The study is one of only a few successful randomised trials in the last decade to show a survival benefit that would be applicable to a broad population of pancreatic cancer patients, according to the authors.
The study, which was led by Northwestern Medicine, was published in Nature Medicine.
“Pancreatic cancer remains one of the most challenging solid tumours to treat, but these findings provide cautious optimism for patients,” said study lead author Dr Devalingam Mahalingam, professor of medicine in the division of Hematology and Oncology at Northwestern University Feinberg School of Medicine.

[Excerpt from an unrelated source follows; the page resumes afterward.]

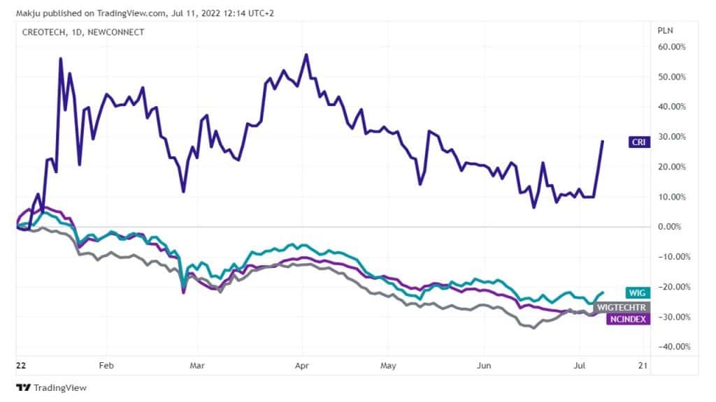 Od dłuższego czasu na polskim parkiecie akcji panują trudne warunki, a bessa pogłębia się systematycznie. Główne indeksy – WIG i NC Index obu segmentów obrotu – straciły od 12 października 2021 do 8 lipca 2022 odpowiednio ok. 27% i ok. 37%. Na tle tych rezultatów akcja Creotech jawią się jako oaza spokoju i instrument, który daje zarabiać w wymagającym otoczeniu rynkowym. W analogicznym okresie papiery spółki poszły w górę o ok. 98%. Przyzwoita stopa zwrotu ? Chyba nawet bardziej niż przyzwoita.
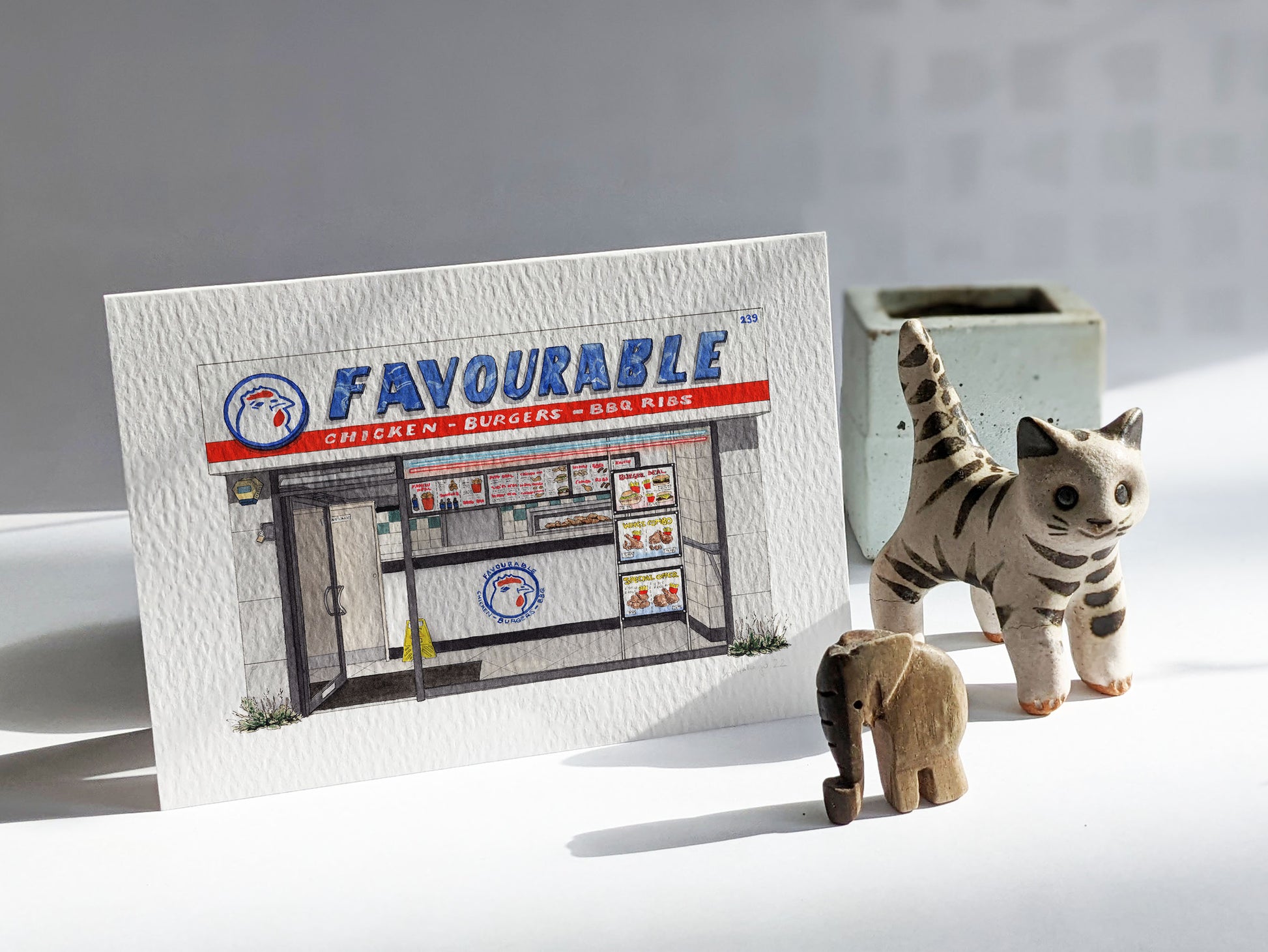 This is a greeting card of a watercolour illustration painted by me of Favourable chicken, a fried chicken shop in Gipsy Hill, South East London

“While these results will need to be confirmed in phase 3 trials, observing survival benefit in such a difficult-to-treat cancer is encouraging. Given the novel mechanism of this drug, these findings raise the possibility that it could have broader application across other tumour types,” added Mahalingam, who also is the associate director of clinical research at Robert H. Lurie Comprehensive Cancer Center of Northwestern University.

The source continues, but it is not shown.